--- START ---

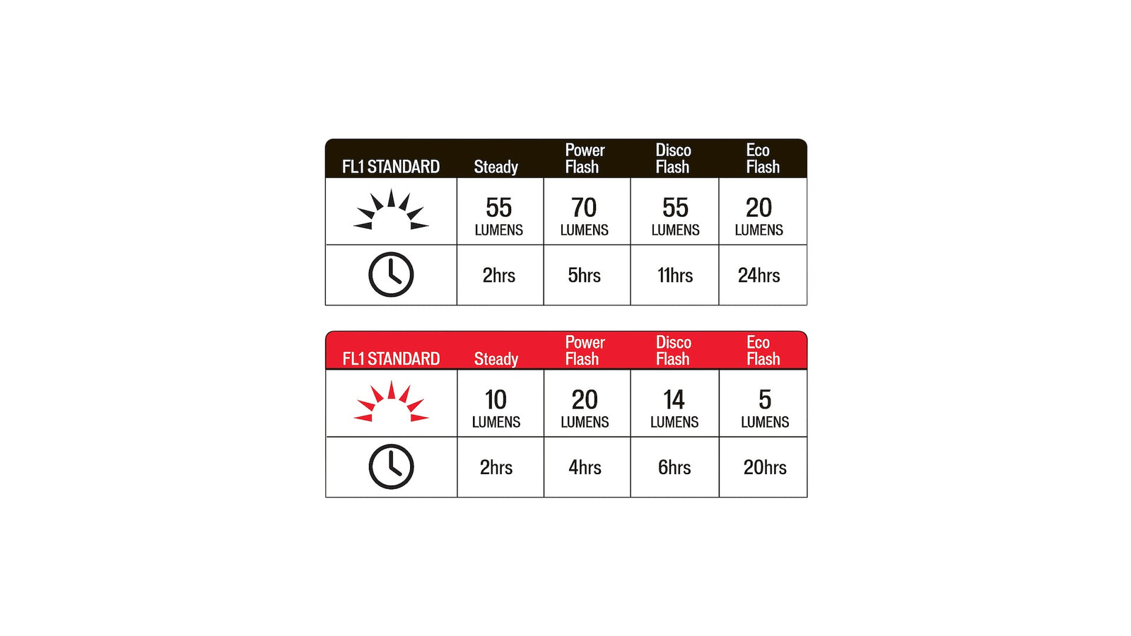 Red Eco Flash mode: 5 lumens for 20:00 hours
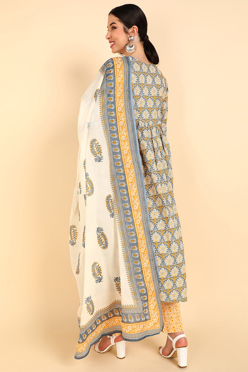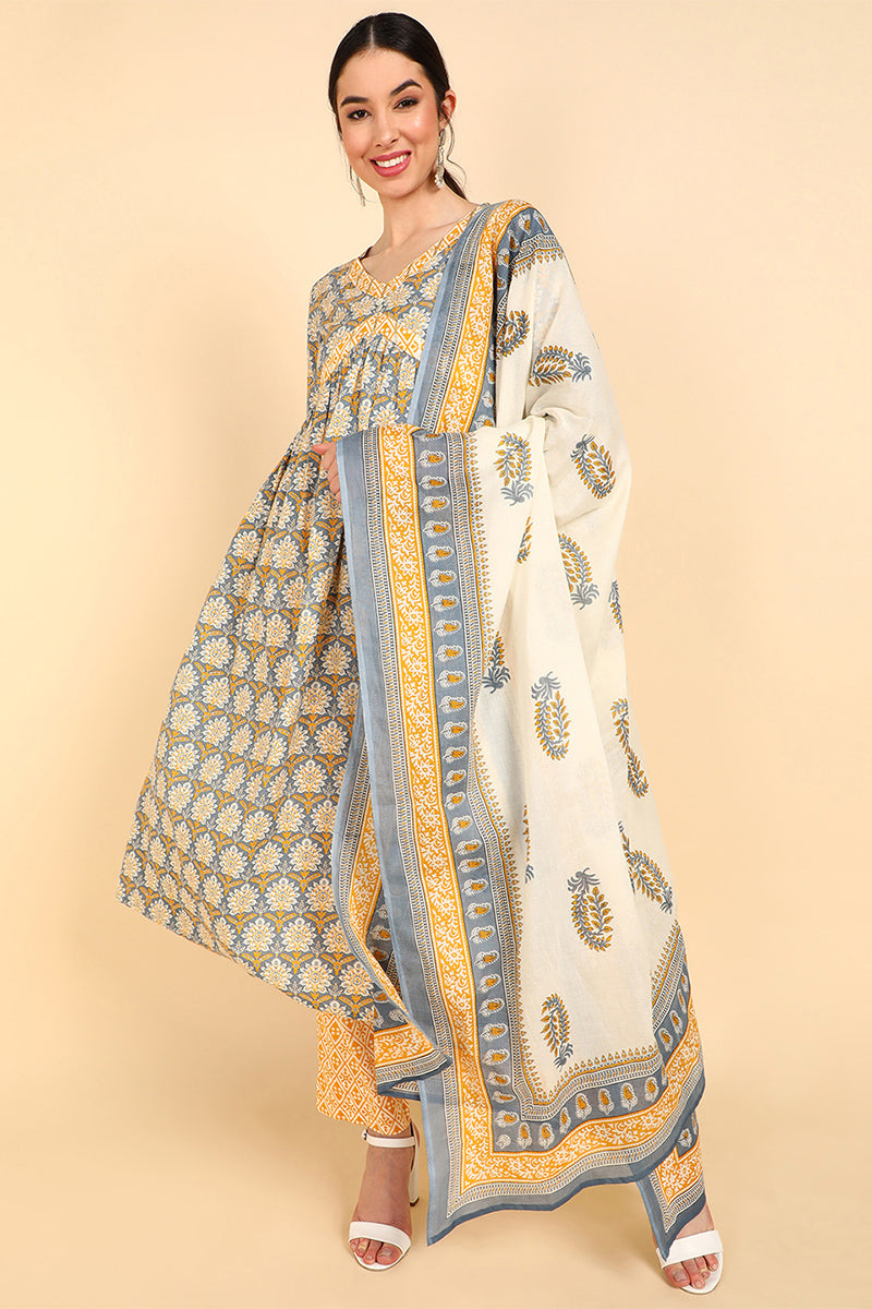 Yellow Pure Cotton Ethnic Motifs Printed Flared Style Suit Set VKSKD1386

--- END ---
--- START ---

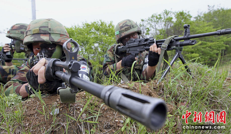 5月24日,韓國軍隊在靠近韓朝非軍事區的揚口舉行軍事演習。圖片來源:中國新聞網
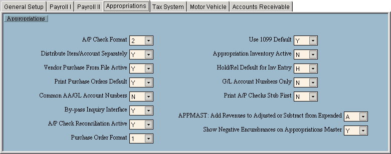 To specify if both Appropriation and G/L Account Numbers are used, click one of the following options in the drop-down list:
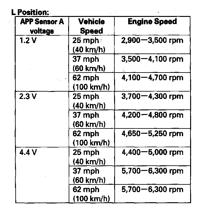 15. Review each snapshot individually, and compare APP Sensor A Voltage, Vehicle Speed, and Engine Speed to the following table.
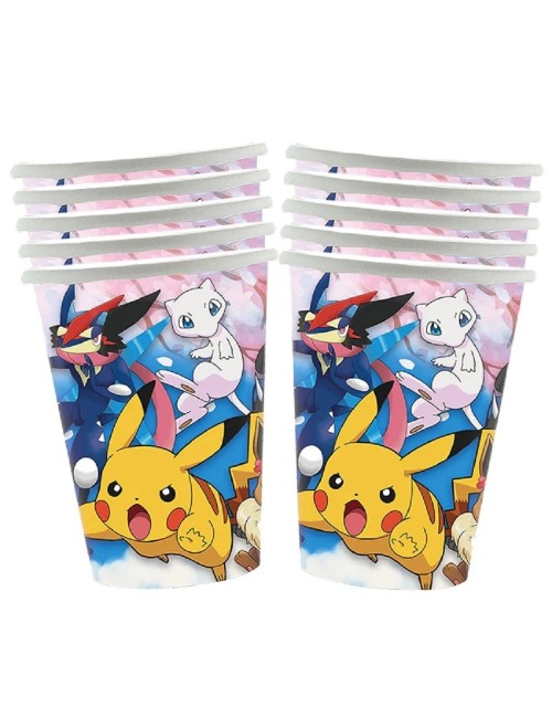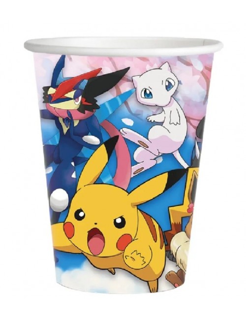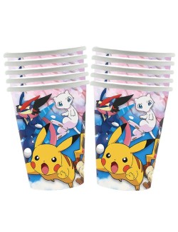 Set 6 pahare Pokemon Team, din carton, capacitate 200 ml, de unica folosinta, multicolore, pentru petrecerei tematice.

--- END ---
--- START ---

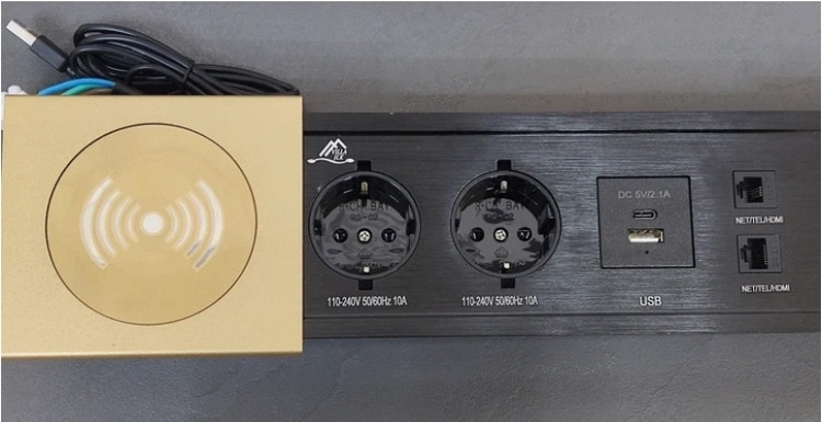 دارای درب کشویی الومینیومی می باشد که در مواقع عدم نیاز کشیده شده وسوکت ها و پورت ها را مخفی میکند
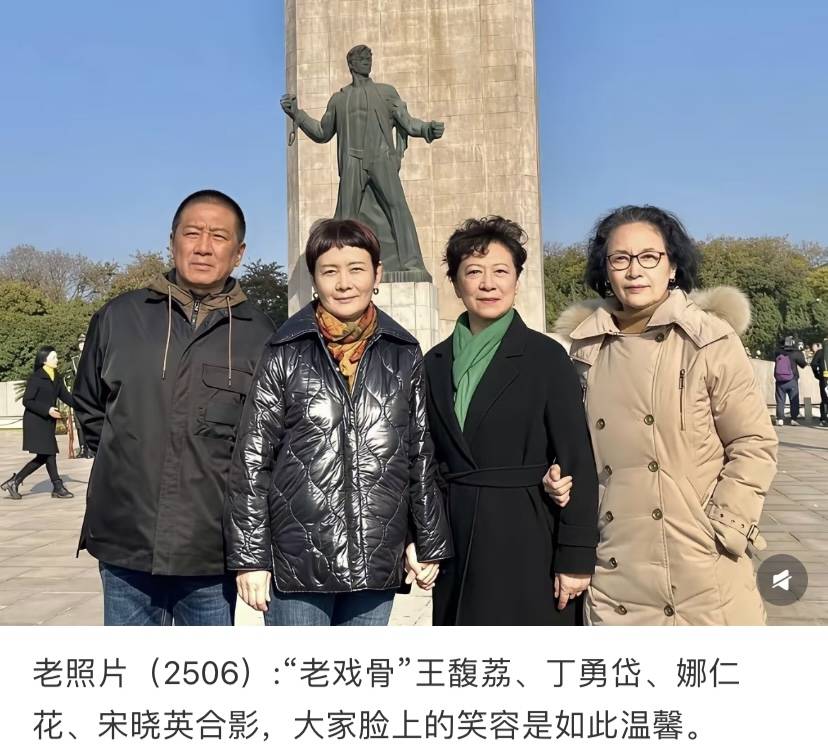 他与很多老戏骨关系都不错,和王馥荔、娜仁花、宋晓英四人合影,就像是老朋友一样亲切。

--- END ---

Your instructions
Print nothing but the lines above starting with the line that contains "5月24日,韓國軍隊在靠近韓朝非軍事區的揚口舉行軍事演習。圖片來源:中國新聞網" and going on through the line that contains "Set 6 pahare". Leave out the pictures.

Output of the exercise
 5月24日,韓國軍隊在靠近韓朝非軍事區的揚口舉行軍事演習。圖片來源:中國新聞網
 To specify if both Appropriation and G/L Account Numbers are used, click one of the following options in the drop-down list:
 15. Review each snapshot individually, and compare APP Sensor A Voltage, Vehicle Speed, and Engine Speed to the following table.
 Set 6 pahare Pokemon Team, din carton, capacitate 200 ml, de unica folosinta, multicolore, pentru petrecerei tematice.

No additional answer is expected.